The Japanese yen strengthened to a six-week high against the dollar, marking its strongest weekly performance since late July.
This notable appreciation is largely attributed to hotter-than-expected inflation data, which has raised expectations for a potential interest rate hike by the Bank of Japan (BoJ) in December.
November’s Tokyo core consumer price index (CPI) rose 2.2% year-on-year, surpassing market expectations and accelerating from October’s increase. Meanwhile, the broader CPI climbed to 2.6%, pointing to growing inflationary pressures within Japan’s economy.

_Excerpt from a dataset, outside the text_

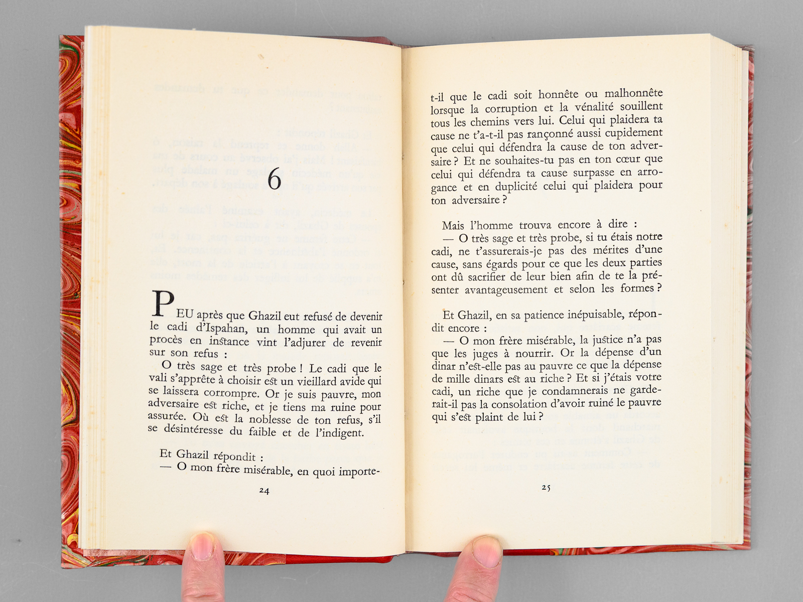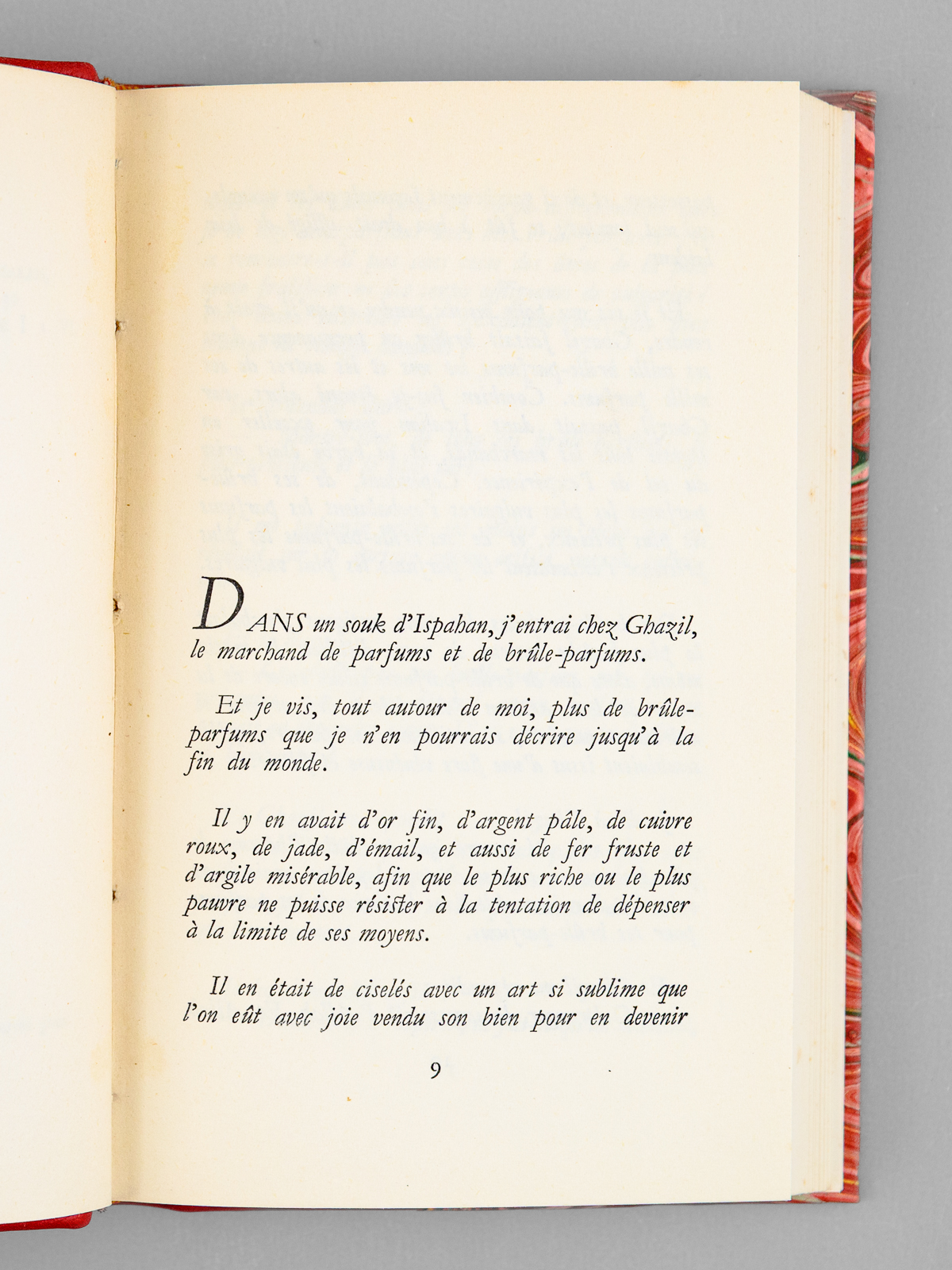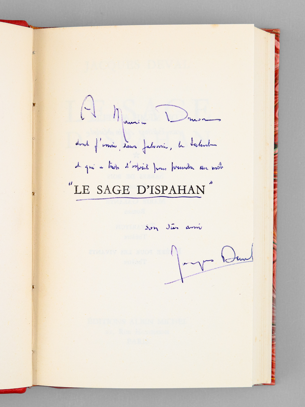 1 vol. in-12 reliure demi-chagrin rouge, dos à 5 nerfs, couvertures et dos conservés, Editions Albin Michel, Paris, 1955, 211 pp. Commentaire : Envoi de Jacques Deval à 'Maurice Druon, dont j'envie, sans jalousie, le talent et qui a trop d'esprit pour prendre au mot 'Le Sage d'Ispahan'. Son sûr ami'. Bon exemplaire bien relié, de superbe provenance, dédicacé au futur Secrétaire Perpétuel de l'Académie Française Maurice Druon. Ecrivain et réalisateur, Jacques Deval est le père des écrivains Gérard de Villiers et Bernard Eschasseriaux. En 100 chapitres, il nous raconte autant de petites histoires se concluant par une moralité, spirituelle et amusante.

As a result, market participants are now pricing in a 57% probability of a quarter-point rate hike by the BoJ on December 19, which has further contributed to the yen’s appreciation. The expectation of tighter monetary policy is seen as a response to persistent inflation, suggesting that the BoJ may shift its stance toward a more hawkish approach. This shift in market sentiment is providing momentum for the yen, contributing to its recent surge.
In addition to domestic inflationary pressures, several external factors are supporting the yen’s rally. A retreat of the US dollar is leaving room for the Japanese currency to climb. Moreover, heightened geopolitical tensions and concerns over economic disruptions from U.S. trade policies have intensified demand for haven assets, further benefiting the yen.